- EXCERPTED RECORDS -
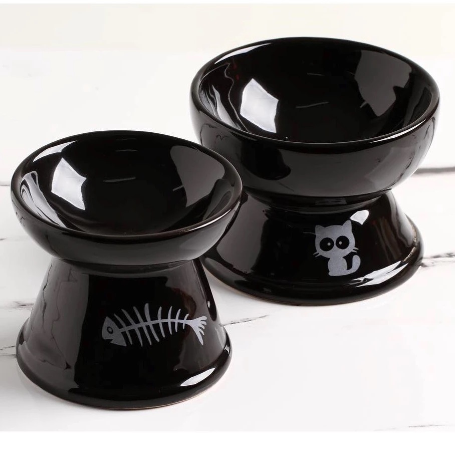Kit 2 Comedouro Higiênico Cerâmica Elevado Gatos Prático Comedouro Bebedouro Cerâmica Pet Cachorros
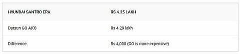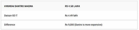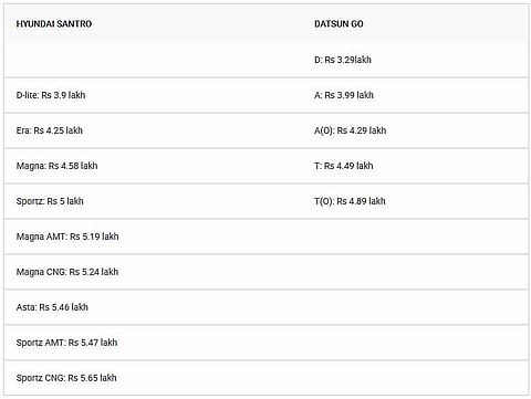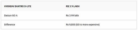 In October itself, there have been two product launches in the budget hatchback space - one is a facelift and the other is a brand-new model with an old-familiar name. Buyers now have two new options to consider - the Hyundai Santro with prices starting from Rs 3.9 lakh, or the Datsun GO that was launched earlier with a starting price at Rs 3.29 lakh (all prices ex-showroom, Delhi). Both compact hatchbacks appear to be promising products with plenty of features as standard with Hyundai offering a couple of segment firsts as well. Until we can carry out full-fledged comparison, we dive into the details on paper to see which one offers better value for money.
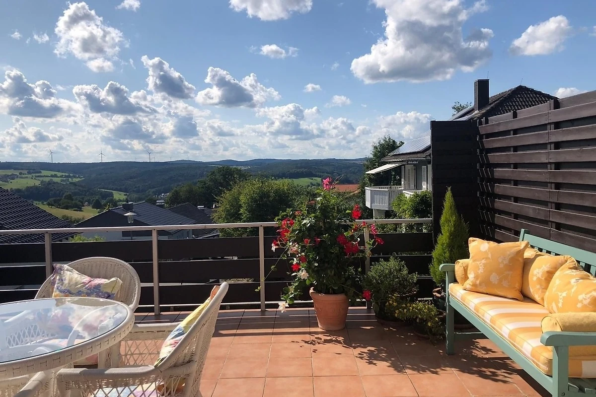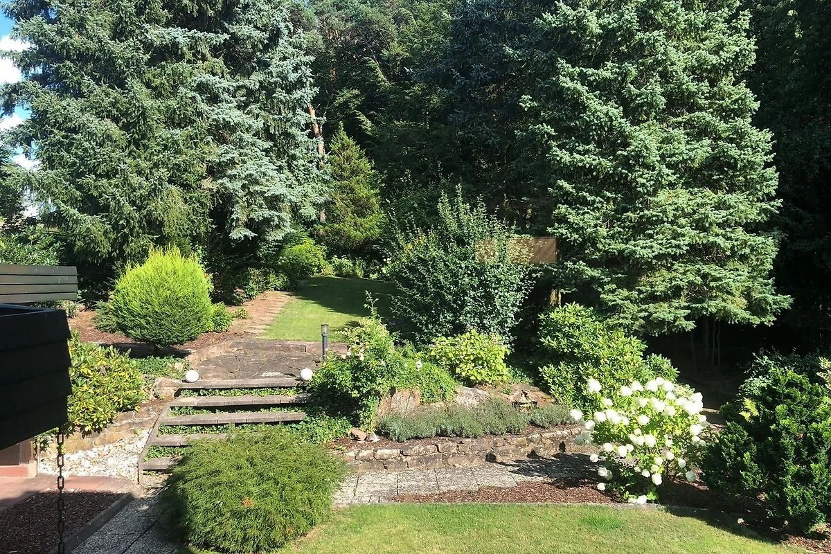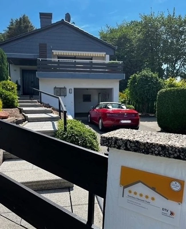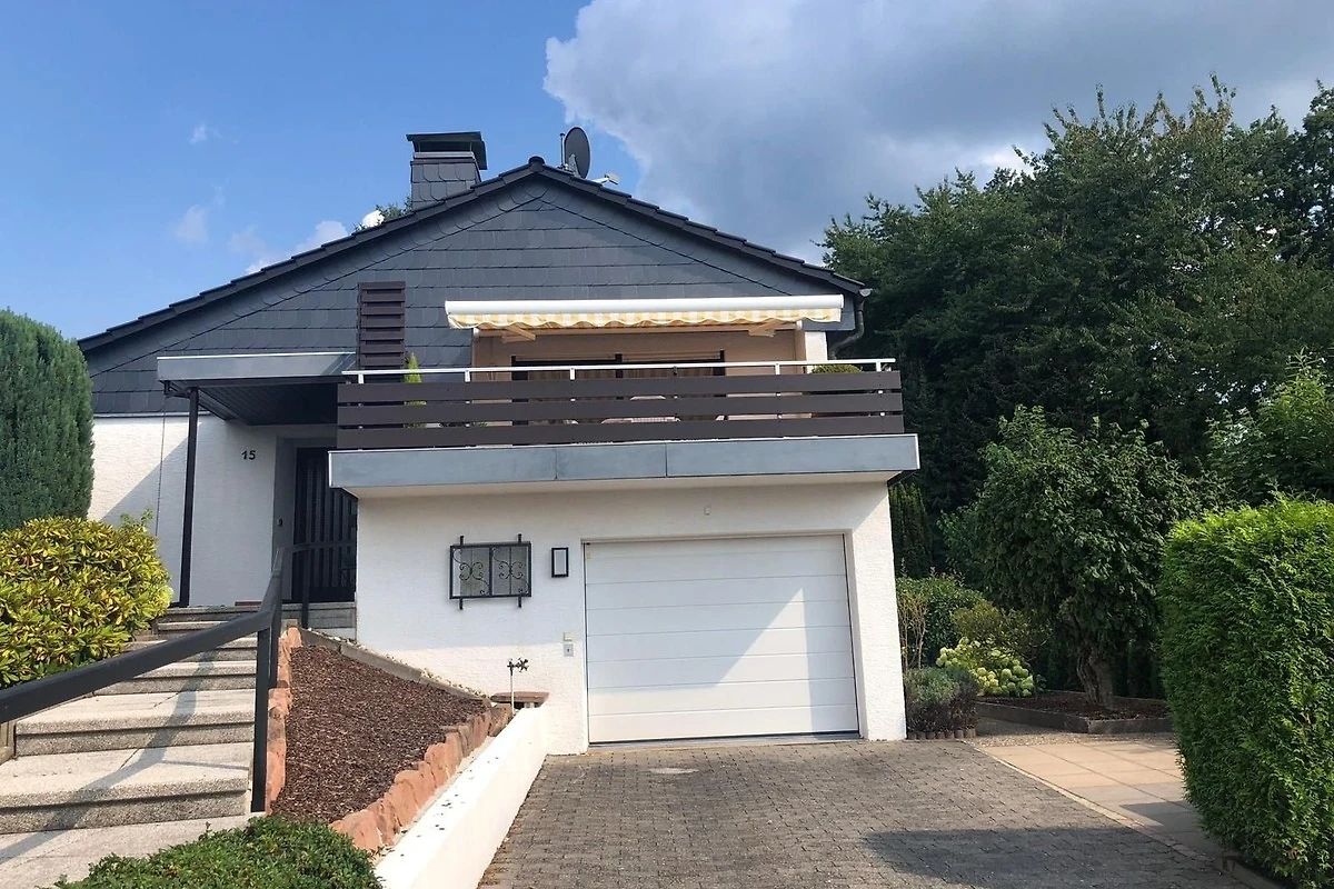 5 Sterne Ferienhaus mit 125 m² für bis zu 6 Personen. 3 Schlafzimmer, 2 grosse Badezimmer, grosszügige Terrasse mit Panorama-Fernblick, überdachter Freisitz mit Gasgrill. Garage und 3 PKW Stellplätze im Hof. Herrlich ruhig am Waldrand gelegen.
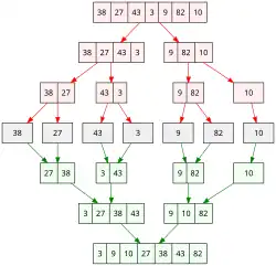 Řazení slučováním[1], známé také pod anglickým názvem merge sort, je řadicí algoritmus, jehož průměrná i nejhorší možná časová složitost je (O(N log N)). Algoritmus je velmi dobrým příkladem programátorské metody rozděl a panuj.
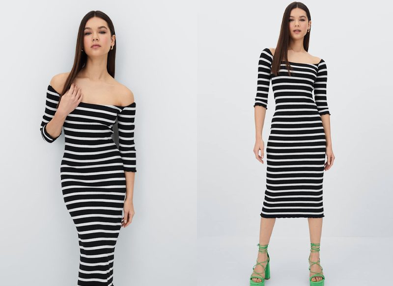 Stradivarius ha lanzado su vestido midi rayas que está llamado a ser todo un éxito de ventas esta primavera. Se vende en color negro y blanco y en tallas XS a XL, siendo su precio actual de venta de 22,99 euros.
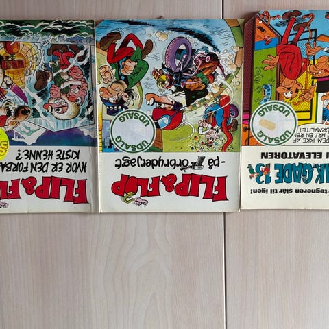 Flip & Flop, 12 hæfter, halvdelen med løse sider som serien har for vane. Nr. 2 ingen løse sider men et enkelt riv på forsiden. Alle hæfter komplette og læseværdige, enkelte med slidte rygge som på foto.
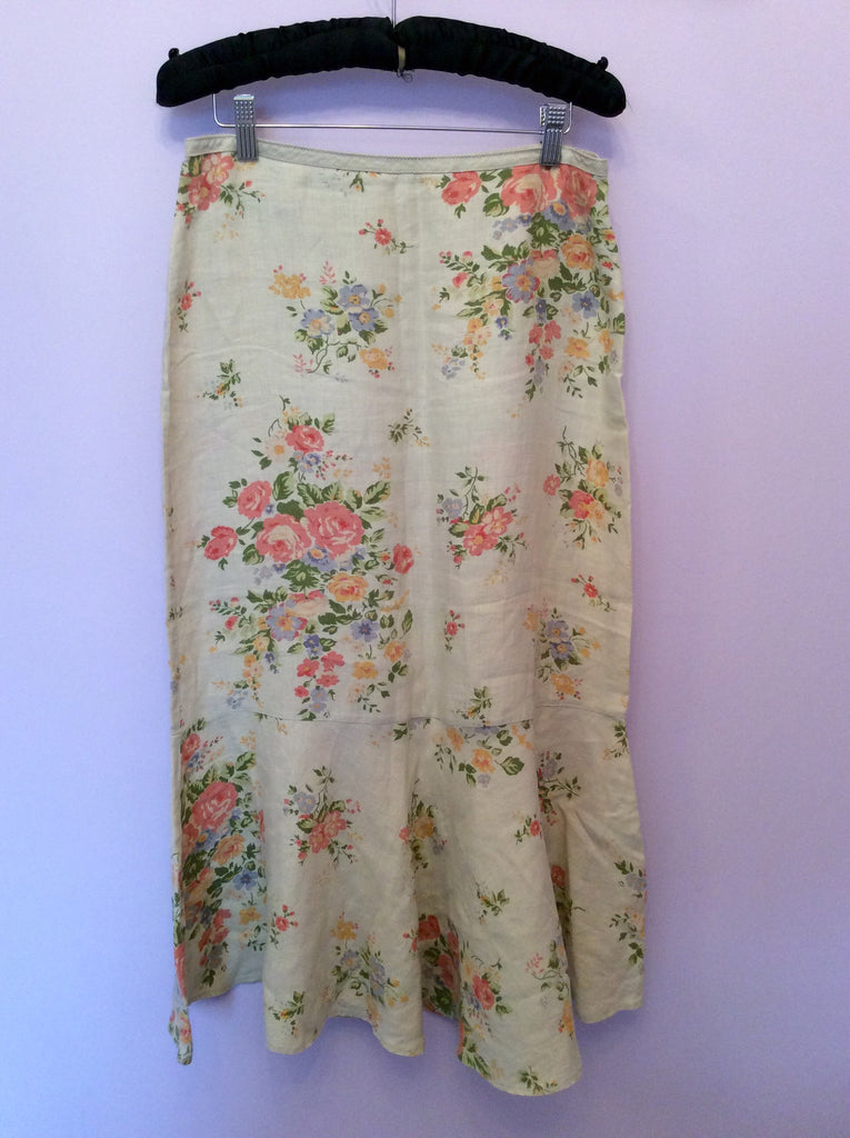 Boden Beige Floral Print Linen Calf Length Skirt Size 12L
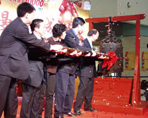 廟會開幕式上,商城總經理與顧客一些撞響開幕鐘。甄雪原攝
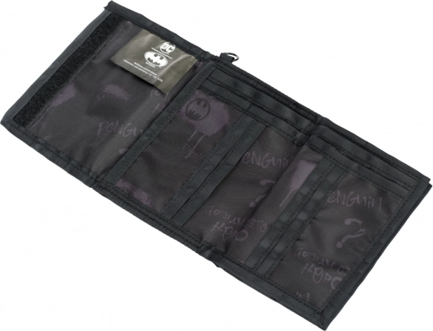 Ta edinstvena denarnica z uradno licenco DC Comics se ponaša z izrazitim dizajnom z motivom Batmana. Opremljena je z več predali za kartice in gotovino, kar zagotavlja odlično organizacijo vaših dragocenosti. Praktično zapiranje na ježka in zanka za pritrditev na karabin prispevata k njeni funkcionalnosti in varnosti.
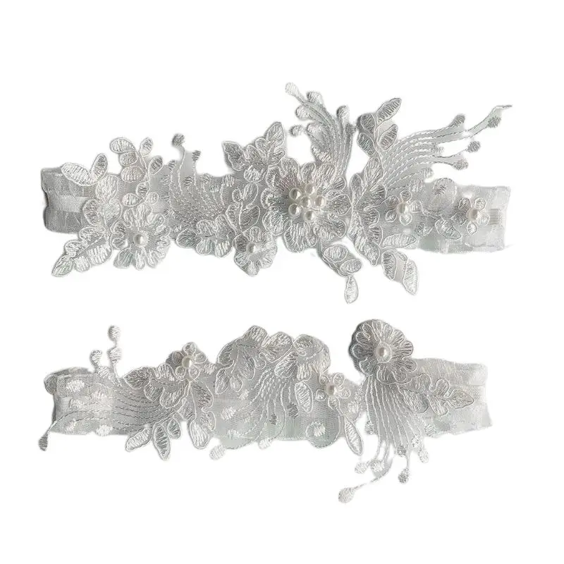 Женский набор колец ручной работы с цветочной кружевной сеткой и аппликацией, имитация жемчуга, Украшенные бусинами, свадебные эластичные подвязки для ног
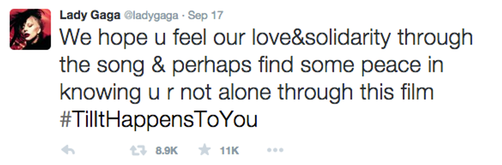 We all know Lady Gaga as a woman who isn’t afraid to do things out of the ordinary. Her actions, as well as her ridiculous outfits, over the past few years have been more than enough to make a few headlines. The release of her new music video, "Till It Happens To You," has certainly made a few headlines of its own. Gaga teamed up with the makers of the documentary, "The Hunting Ground," to make a video that connects with an audience who have suffered due to sexual assault. The video begins with a disclaimer about the graphic and emotionally upsetting scenes and progresses from there. Throughout the video we see scenes of men putting date rape drugs into plenty of drinks that girls are holding, we see rape, and we see how these disgusting actions take a toll on the victims. The video portrays the victims suffering through self-doubt, feelings of worthlessness, and isolation. However, the end of the video does shine some light on the victims and depicts the them surrounded by love and support of their friends and family, encouraging them to live life and become strong again.

- THE TASK -
In the listing above, find the line containing "In October itself, there" and the line containing "5 Sterne Ferienhaus". Reproduce those lines and all between them exactly, with no pictures and nothing more.

- REPLY TO THE EXERCISE -
 In October itself, there have been two product launches in the budget hatchback space - one is a facelift and the other is a brand-new model with an old-familiar name. Buyers now have two new options to consider - the Hyundai Santro with prices starting from Rs 3.9 lakh, or the Datsun GO that was launched earlier with a starting price at Rs 3.29 lakh (all prices ex-showroom, Delhi). Both compact hatchbacks appear to be promising products with plenty of features as standard with Hyundai offering a couple of segment firsts as well. Until we can carry out full-fledged comparison, we dive into the details on paper to see which one offers better value for money.
 5 Sterne Ferienhaus mit 125 m² für bis zu 6 Personen. 3 Schlafzimmer, 2 grosse Badezimmer, grosszügige Terrasse mit Panorama-Fernblick, überdachter Freisitz mit Gasgrill. Garage und 3 PKW Stellplätze im Hof. Herrlich ruhig am Waldrand gelegen.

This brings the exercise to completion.